What needs to be done = Make an exact copy, without pictures, of the lines below from the one containing "Приталеные джинсы с" to the last line, both ends included.

Data =
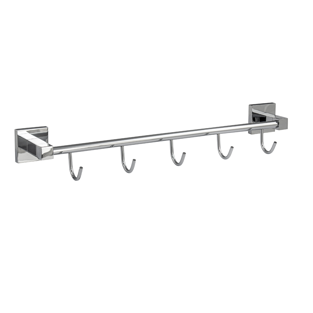 Держатель для полотенец металлический, хромированный с пятью крючками. Материал изготовления — ЦАМ (цинк-алюминий-медь) + нержавеющая сталь. Хромированное покрытие очень стойко переносит истирания и обеспечивает зеркальный блеск изделия. На держателе с легкостью можно размещать вещи для сушки или вешать, как полотенца, так и одежду перед походом в душ. Идеально подойдет не только для ванной, но и для кухни, а также для дачи или гаража – при необходимости на держатель можно вешать любые предметы. Изделие крепится к стене с помощью дюбелей и саморезов (входят в комплект). Габаритные размеры: длина мм, глубина мм, высота мм. Вес – кг, объём – м3.
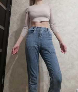 Приталеные джинсы с высокой посадкой на размеры XS - S. Можно и на М в принципе. Длина 90 см.
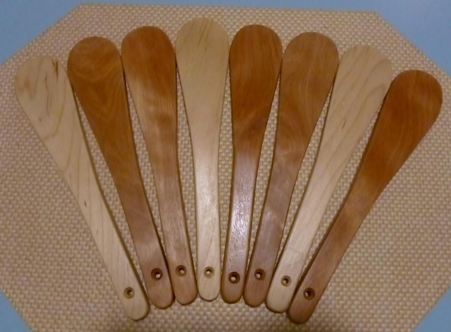 I am selling about 6 curly/tiger maple needles and 2 pencil poppers so get there early if you want a plug... they sell out quick The cutting boards are maple/cherry/oak laminates and they are very popular.
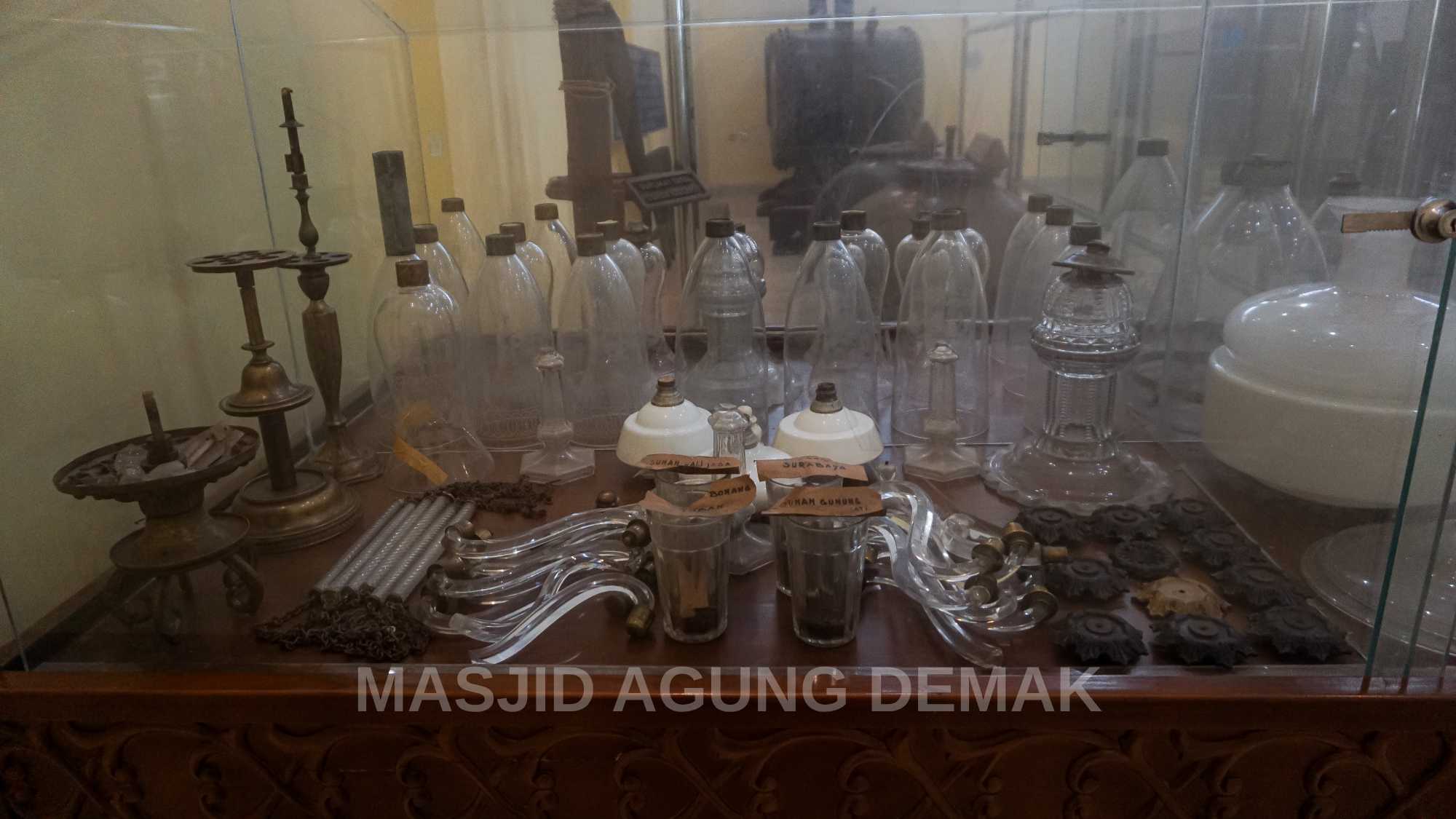 Kap Lampu, Cagak Lampu , Mangkok, Gelas merupakan peninggalan yang ditinggalkan oleh Pakubuwono ke-1 pada tahun 1710 M. Lampu yang terdapat di Museum Masjid Agung Demak, merupakan artefak sejarah yang memiliki fungsi sekaligus simbolis. Lampu ini terutama merupakan jenis lampu minyak yang digunakan untuk penerangan, dan fungsinya adalah untuk memberikan cahaya di tempat yang remang-remang. Selain itu, lampu ini dianggap sebagai simbol pencapaian teknologi dan budaya di masa lalu. Prasasti dan tahun pembuatannya menunjukkan bahwa lampu ini dibuat pada masa pemerintahan Paku Buwono I, penguasa pertama Kesultanan Mataram. Tanggal yang tertera pada lampu hias, “1710,” juga memberikan informasi sejarah yang berharga, karena menunjukkan bahwa artefak tersebut dibuat dan digunakan pada kurun waktu tersebut. Hal ini membantu menentukan tanggal benda tersebut dan menempatkannya dalam konteks sejarah Mataram dan Masjid Agung Demak.

Task solution =
 Приталеные джинсы с высокой посадкой на размеры XS - S. Можно и на М в принципе. Длина 90 см.
 I am selling about 6 curly/tiger maple needles and 2 pencil poppers so get there early if you want a plug... they sell out quick The cutting boards are maple/cherry/oak laminates and they are very popular.
 Kap Lampu, Cagak Lampu , Mangkok, Gelas merupakan peninggalan yang ditinggalkan oleh Pakubuwono ke-1 pada tahun 1710 M. Lampu yang terdapat di Museum Masjid Agung Demak, merupakan artefak sejarah yang memiliki fungsi sekaligus simbolis. Lampu ini terutama merupakan jenis lampu minyak yang digunakan untuk penerangan, dan fungsinya adalah untuk memberikan cahaya di tempat yang remang-remang. Selain itu, lampu ini dianggap sebagai simbol pencapaian teknologi dan budaya di masa lalu. Prasasti dan tahun pembuatannya menunjukkan bahwa lampu ini dibuat pada masa pemerintahan Paku Buwono I, penguasa pertama Kesultanan Mataram. Tanggal yang tertera pada lampu hias, “1710,” juga memberikan informasi sejarah yang berharga, karena menunjukkan bahwa artefak tersebut dibuat dan digunakan pada kurun waktu tersebut. Hal ini membantu menentukan tanggal benda tersebut dan menempatkannya dalam konteks sejarah Mataram dan Masjid Agung Demak.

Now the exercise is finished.